Tuesday, May 31, 2016

Programmed or Not? 1/5



Thoughts on 'Program or Be Programmed' by Douglas Rushkoff


After reading ‘Program or Be Programmed' by Douglas Rushkoff, I become much more informed and aware of the huge impact that technology has upon us. I was born in 1980, the period when we were being dubbed "Digital Natives"[1] and technology was progressing at a rapid speed. However, the education of self awareness and timely balance with technology related tools, was not being reinforced into both the micro and macro aspects in schools. Indeed, technology is constantly changing and progressing, or retreating, depending on how we manage and deal with it in our everyday lives. 
Nowadays, especially in urban environments, I see many children swiping I-pad from an incredibly early ages of two or three.
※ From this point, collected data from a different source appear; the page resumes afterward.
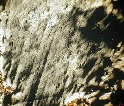 Impact feature: Shock metamorphism in the Rubielos de la Cérida impact structure - diaplectic glass and three sets of planar deformation features (PDF) in quartz. Thin section micrograph {field is 280 µm wide}.
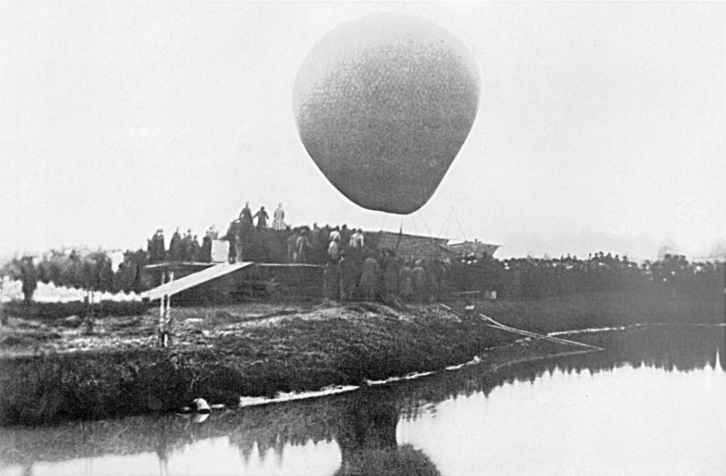 Mendeleev’s flying on aerostat. 1887
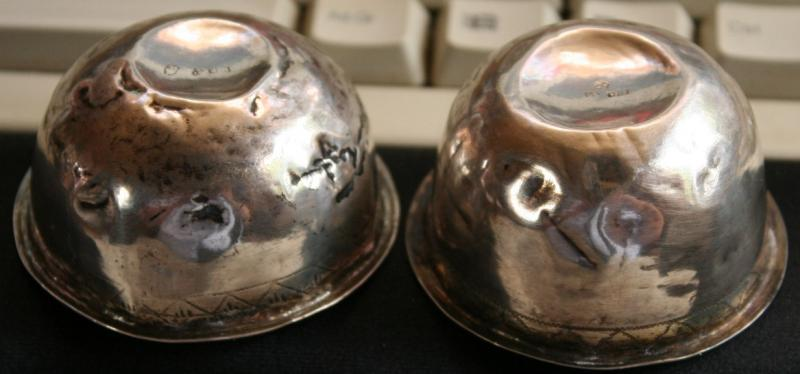 Two Swedish silver cup made by Johan Jacob Ulfsberg 1793-1824 in Nyköping
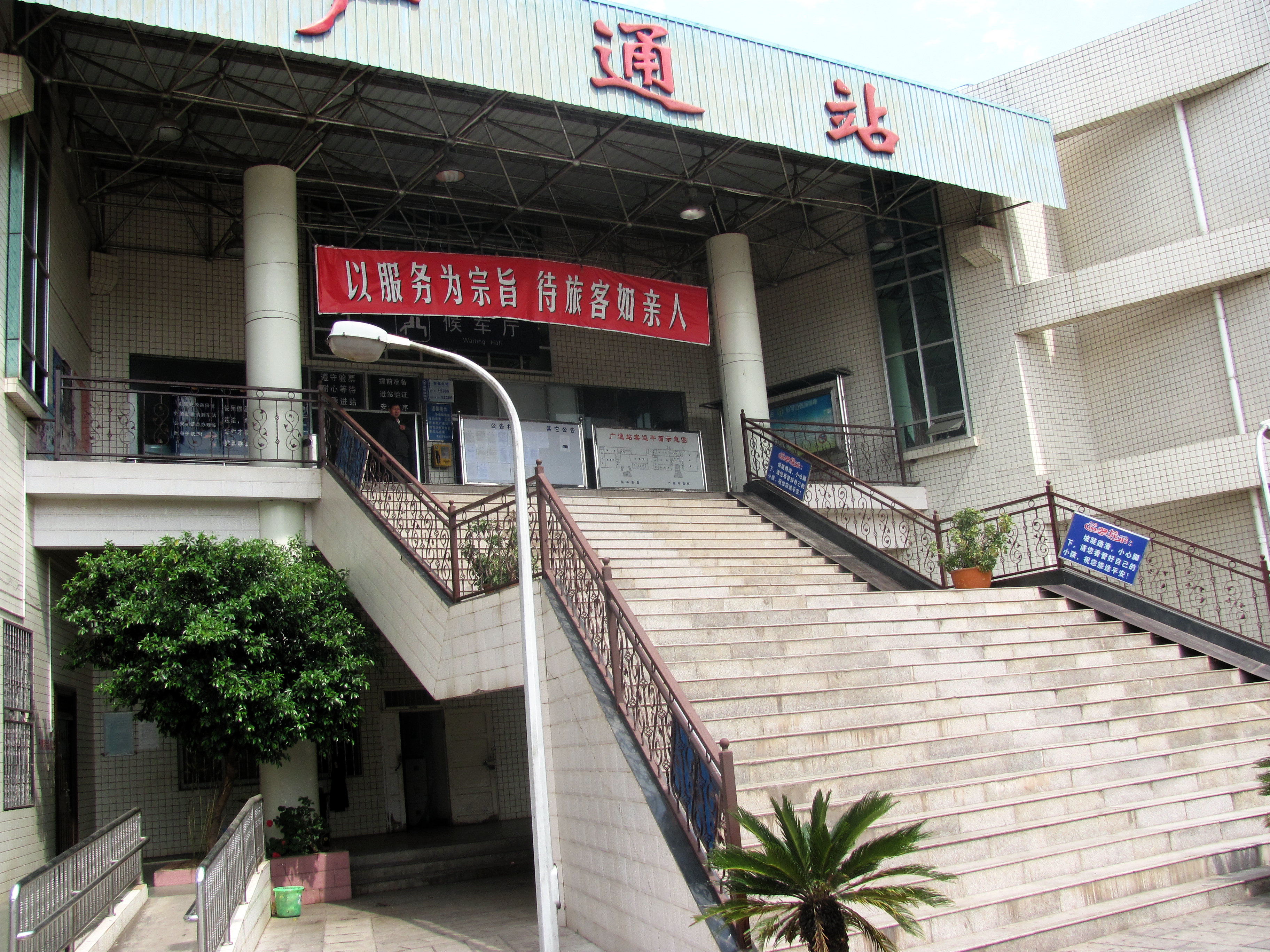 Guangtong Railway Station
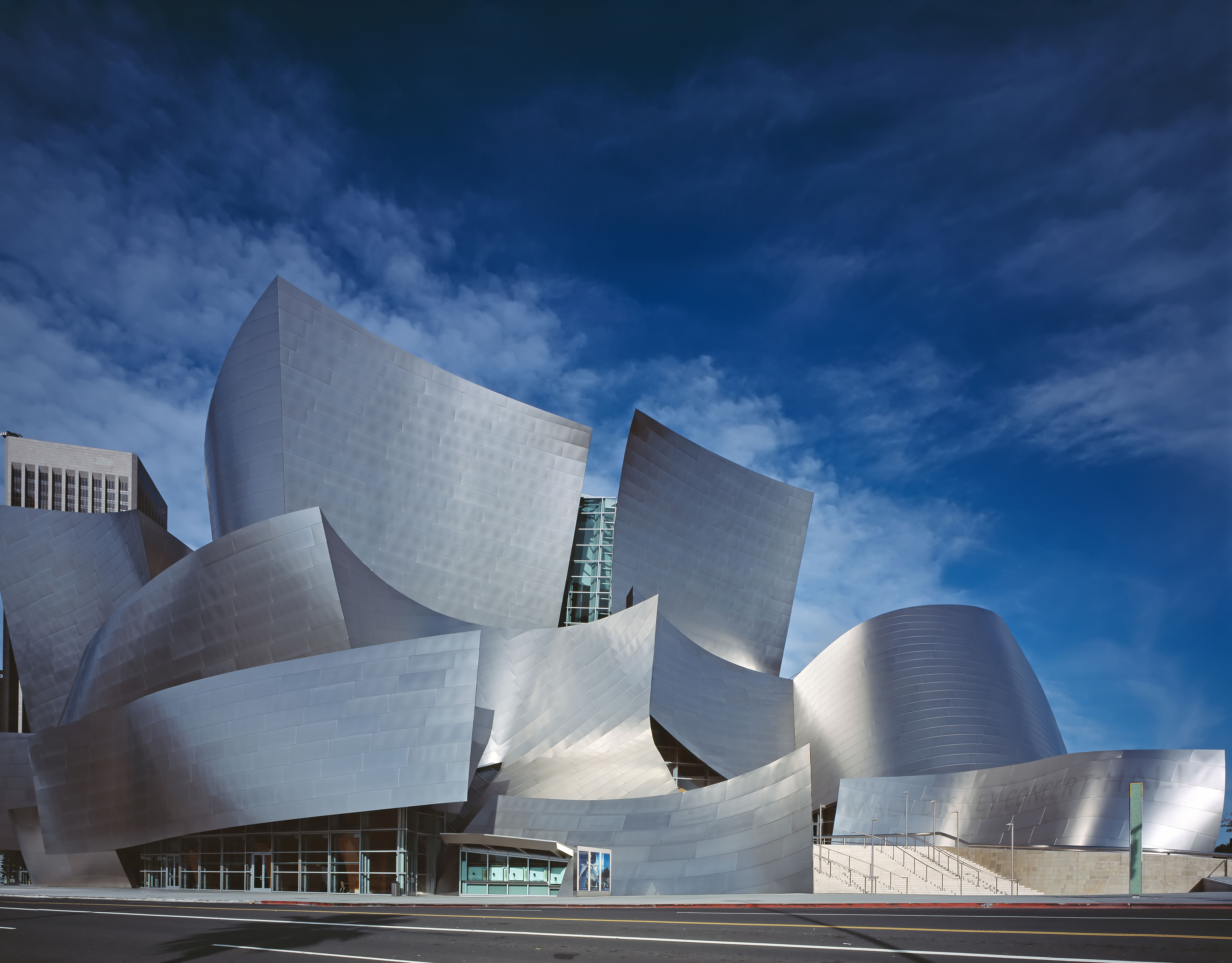 The Walt Disney Concert Hall, home to the Los Angeles Philharmonic, features an acoustically superior auditorium paneled in hardwood. The Disney family contributed more than $100 million to the project.
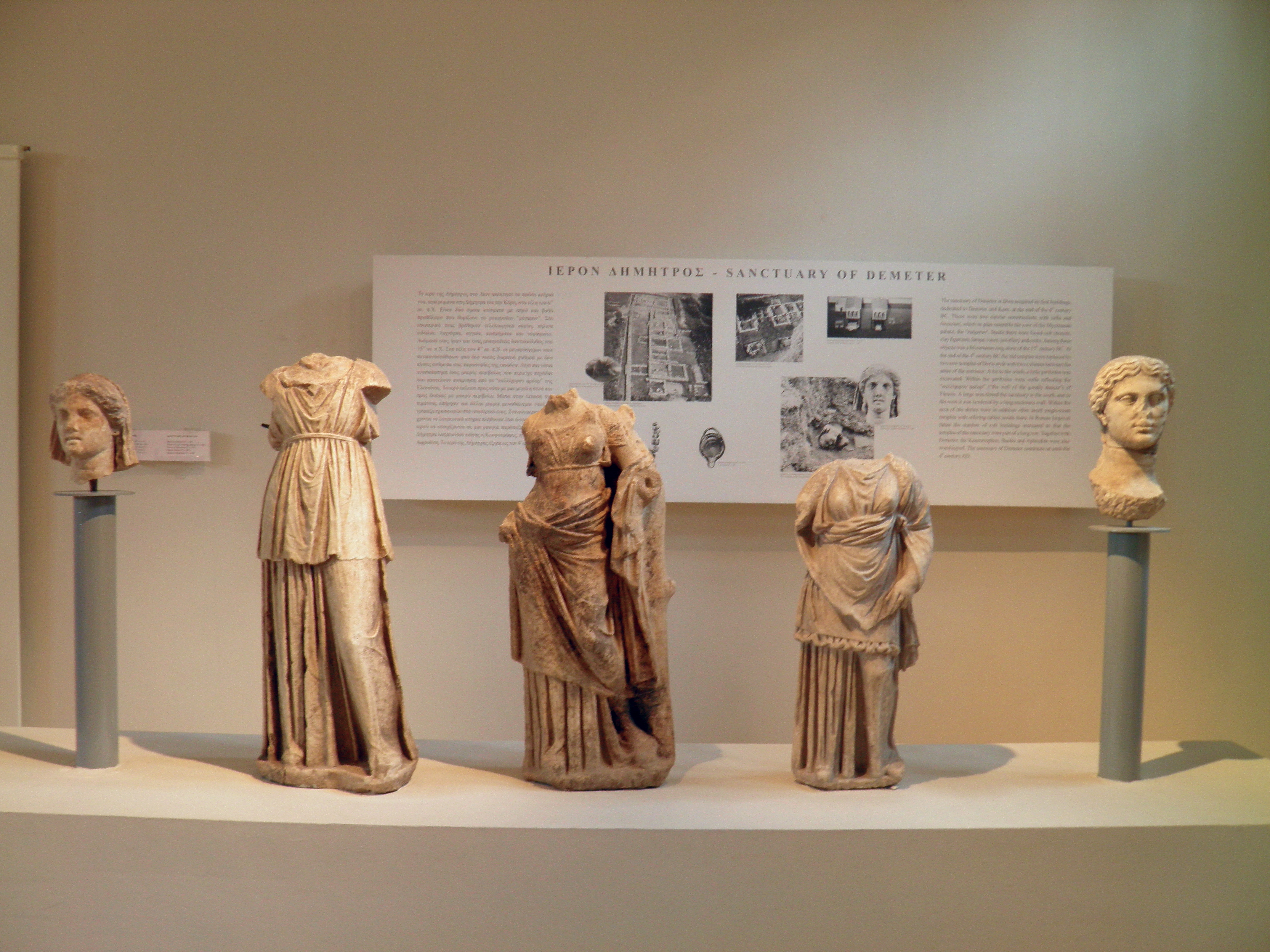 Finds from the sanctuary of Demeter, Archaeological Museum, Dion
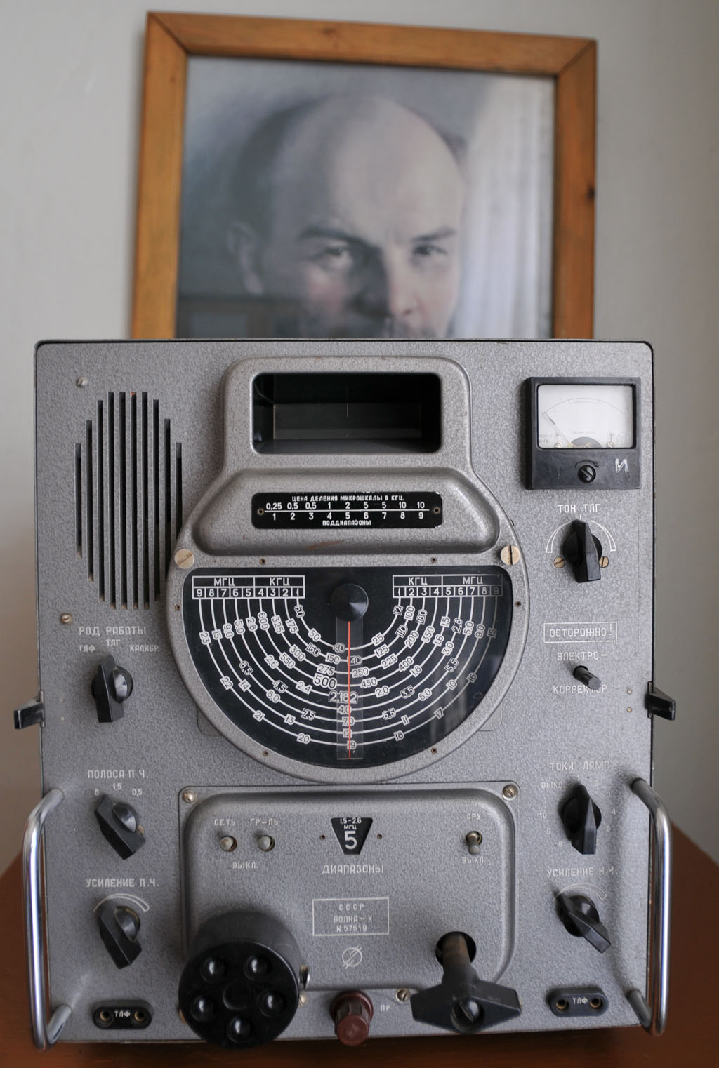 Equipment found on the Semipalatinsk Test Site
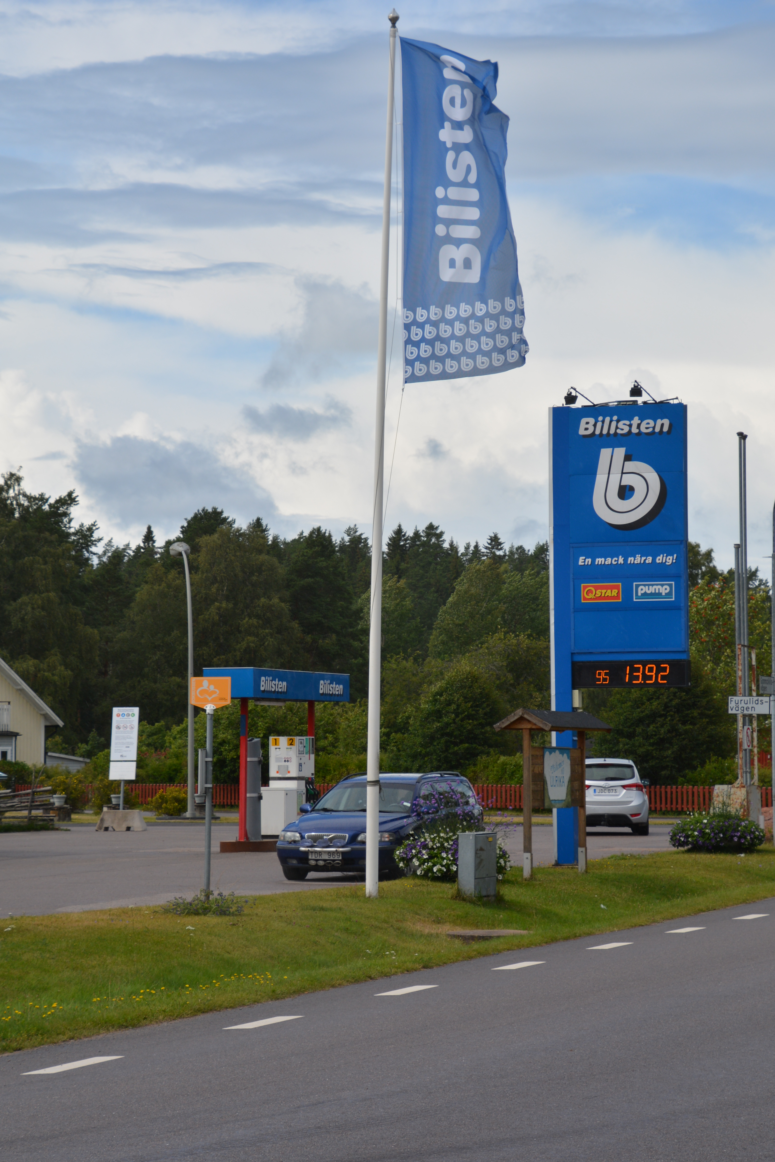 Bensinstation Bilisten, Ulrika

In kindergartens, teachers use I-pad to educate all aspects including literacy, mathematics, music, dance and art, just to name a few. The only times when the kids are not connected with technology is during playtime when they are forced to go outside. It is important to educate youngsters from an early age. So we will hopefully see less "ghosts" wondering in the subways or on the streets. By swiping all day and everyday just to see more bombarded information, news, or worse, play candy crash, does not necessary make us more informative or appreciative of the world. It fragments and distracts us completely from being a whole as human beings. When used inappropriately, people become “ghosts” - It deprives us from being alive, and is a form of mind paralyzing by not living in the moment when we are not “here” all the time.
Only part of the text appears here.